The Parliament of Bangladesh: Representation and Accountability
The Bangladesh Parliament (Jatiya Sangsad) was established in 1972 following the separation of Bangladesh from Pakistan. Presidentialism and parliamentarism has since been installed and re-installed several times with different civilian and military governments. Bangladesh is today formally a Westminster-style parliamentary system, i.e. the Parliament enjoys substantial constitutional powers including a broad oversight authority over the executive.
This project has been a contextual analysis and an analysis of strengths and weaknesses of the Parliament in Bangladesh. We have analysed the accountability role of the parliament in both its horizontal and vertical dimensions. To assess horizontal accountability we have assessed the parliament’s performance in legislation and budget making; and, in scrutiny and oversight of the executive branch of the government.
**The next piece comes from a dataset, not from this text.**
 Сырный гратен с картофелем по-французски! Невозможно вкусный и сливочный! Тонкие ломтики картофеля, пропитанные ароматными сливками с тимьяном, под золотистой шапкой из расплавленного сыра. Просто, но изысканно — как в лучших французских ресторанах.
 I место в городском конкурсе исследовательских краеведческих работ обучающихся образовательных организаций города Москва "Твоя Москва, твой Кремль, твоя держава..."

To investigate the state of vertical accountability, we have focussed on the issue of the parliament’s accountability to the citizens. Here we have explored the practices being used by the parliamentarians as well as citizens to ensure the former’s accountability to the latter.
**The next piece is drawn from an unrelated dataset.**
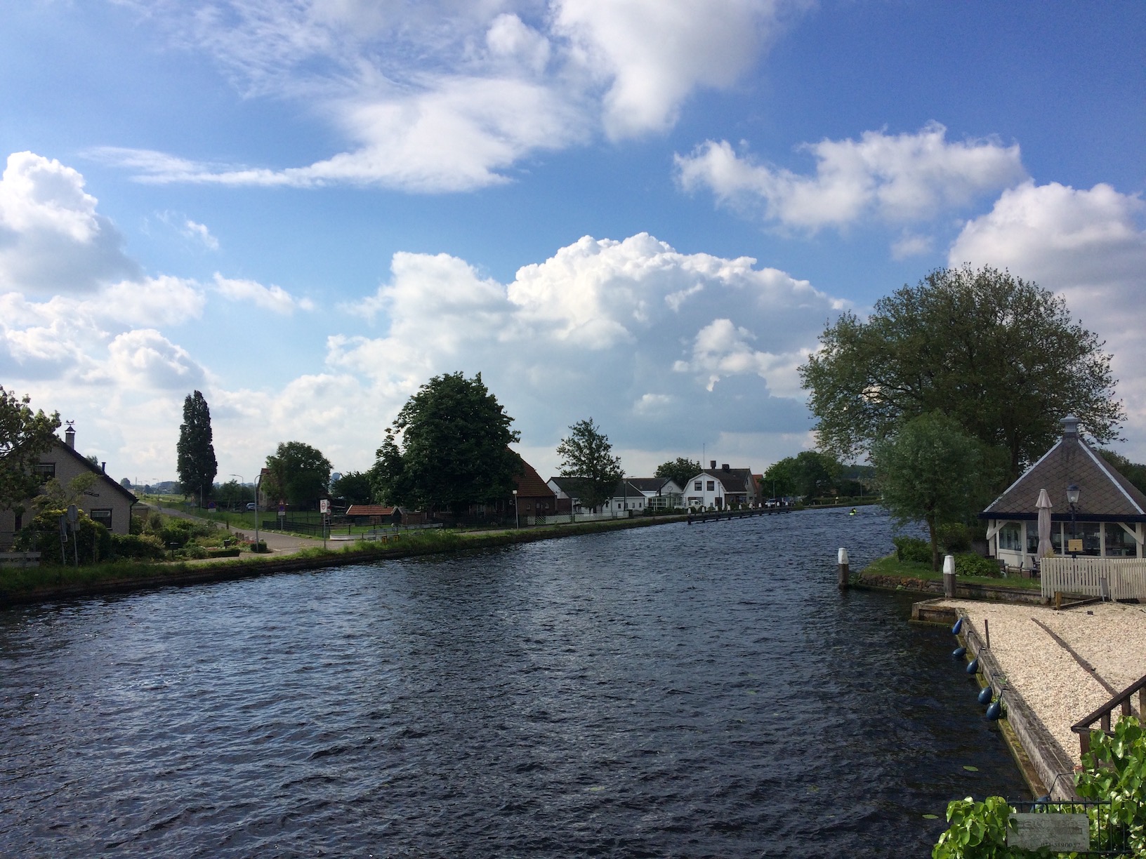 We parked near the end of a no-through lane in one of the handful of spots on the side of the road. To get to the hide we had to walk on a bike path over a drawbridge for bikes, crossing the Vliet canal as a couple of rowing boats passed under us. The wind had picked up causing the water to be a little choppy. To the south clouds were building but the sun was still shining through and the sky to the north was blue. It looked like it would stay dry at least for the morning.

The study discusses the historical evolution of the nine parliaments in the context of the changes in the political system of the country. In particular, ‘the rules of the game’, the constitutional and legal provisions, have changed over the years. We have also described the structure, institutions and functions of the parliament in Bangladesh as prescribed by the constitution and the Rules of Procedure of the parliament.
Representation is studied from different perspectives. We have investigated several questions: how representative is the parliament politically? How the majority and minority voices are constructed in parliament under the ‘first past the post’ (FPTP) electoral system? In terms of horizontal accountability we have focussed on legislation, budget-making, scrutiny and oversight, and investigated to what extent the parliament is actually legislating? Is law making an exclusive prerogative of the parliament? How proactive is the institution in its scrutiny of the executive branch?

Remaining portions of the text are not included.